Dataset records:
□ □ □

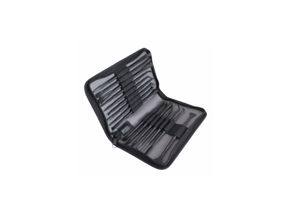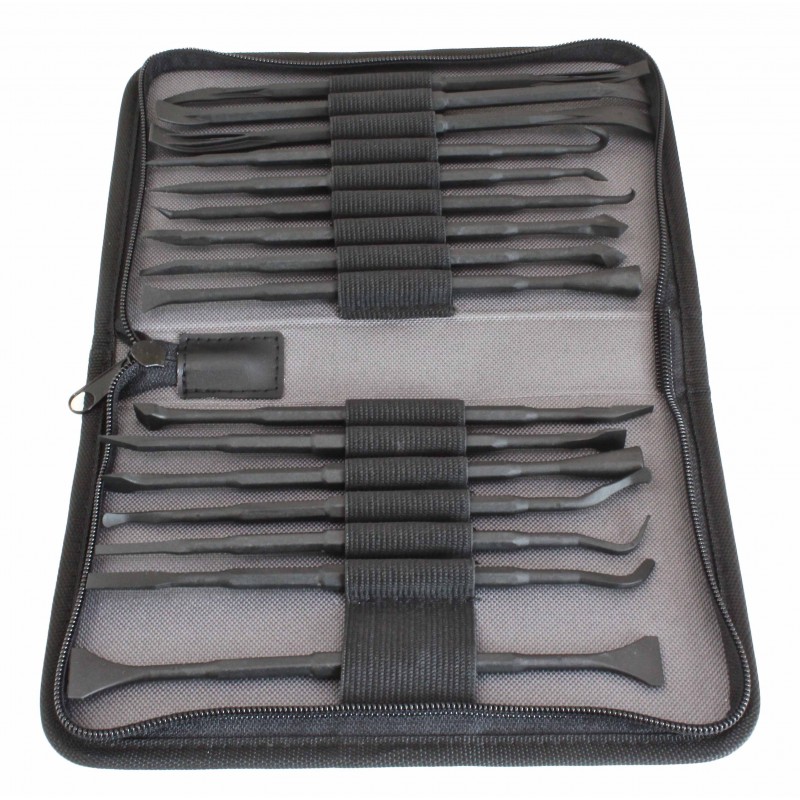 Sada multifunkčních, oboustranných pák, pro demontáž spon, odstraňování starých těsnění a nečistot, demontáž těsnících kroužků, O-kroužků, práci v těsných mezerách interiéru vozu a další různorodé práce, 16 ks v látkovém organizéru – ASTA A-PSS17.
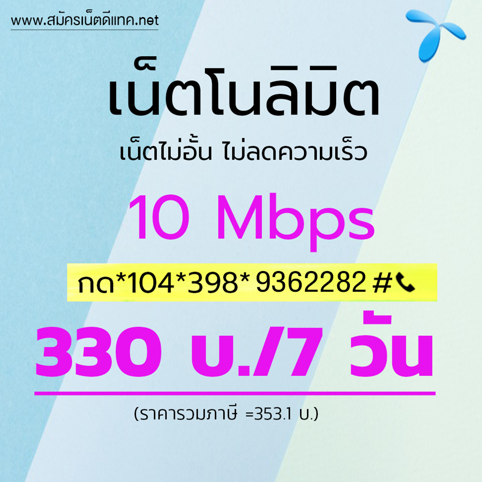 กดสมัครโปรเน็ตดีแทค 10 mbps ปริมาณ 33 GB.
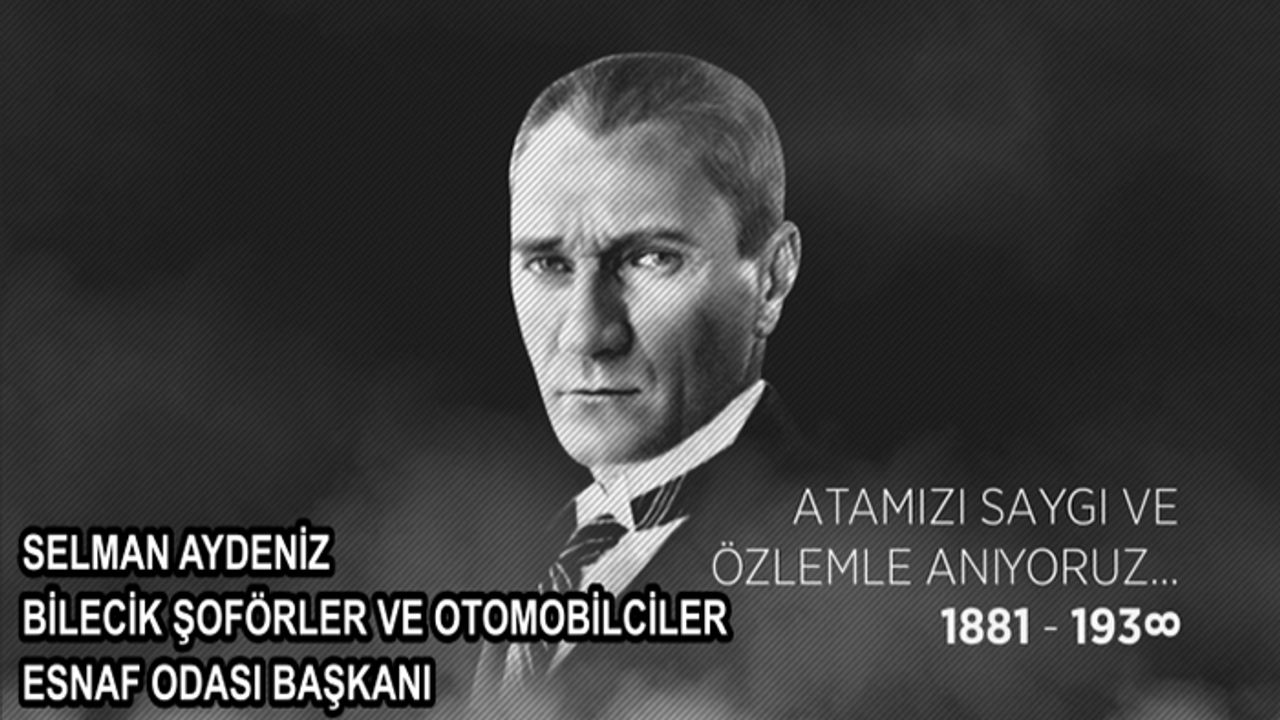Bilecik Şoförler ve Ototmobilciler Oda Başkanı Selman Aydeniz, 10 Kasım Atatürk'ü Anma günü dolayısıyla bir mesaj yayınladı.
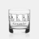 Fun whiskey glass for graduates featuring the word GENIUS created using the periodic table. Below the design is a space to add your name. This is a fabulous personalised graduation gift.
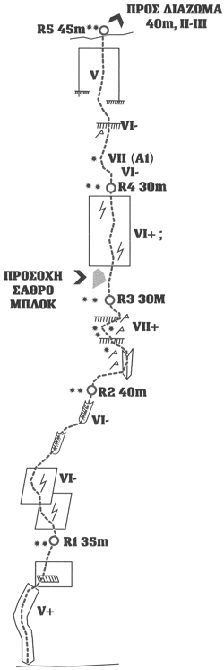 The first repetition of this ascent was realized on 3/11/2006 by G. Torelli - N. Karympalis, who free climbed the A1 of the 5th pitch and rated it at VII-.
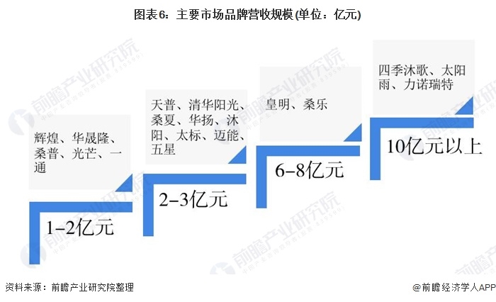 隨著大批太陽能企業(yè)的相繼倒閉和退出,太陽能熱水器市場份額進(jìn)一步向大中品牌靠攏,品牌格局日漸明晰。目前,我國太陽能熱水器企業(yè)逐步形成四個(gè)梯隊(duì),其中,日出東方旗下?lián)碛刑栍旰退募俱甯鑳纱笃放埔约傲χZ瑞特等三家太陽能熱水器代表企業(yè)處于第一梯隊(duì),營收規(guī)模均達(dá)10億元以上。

□ □ □

Assigned task: For this exercise, set down exactly the lines that run from the line holding "Fun whiskey glass" to the last line of the records above; include both end lines and omit pictures.

Answer space:
 Fun whiskey glass for graduates featuring the word GENIUS created using the periodic table. Below the design is a space to add your name. This is a fabulous personalised graduation gift.
 The first repetition of this ascent was realized on 3/11/2006 by G. Torelli - N. Karympalis, who free climbed the A1 of the 5th pitch and rated it at VII-.
 隨著大批太陽能企業(yè)的相繼倒閉和退出,太陽能熱水器市場份額進(jìn)一步向大中品牌靠攏,品牌格局日漸明晰。目前,我國太陽能熱水器企業(yè)逐步形成四個(gè)梯隊(duì),其中,日出東方旗下?lián)碛刑栍旰退募俱甯鑳纱笃放埔约傲χZ瑞特等三家太陽能熱水器代表企業(yè)處于第一梯隊(duì),營收規(guī)模均達(dá)10億元以上。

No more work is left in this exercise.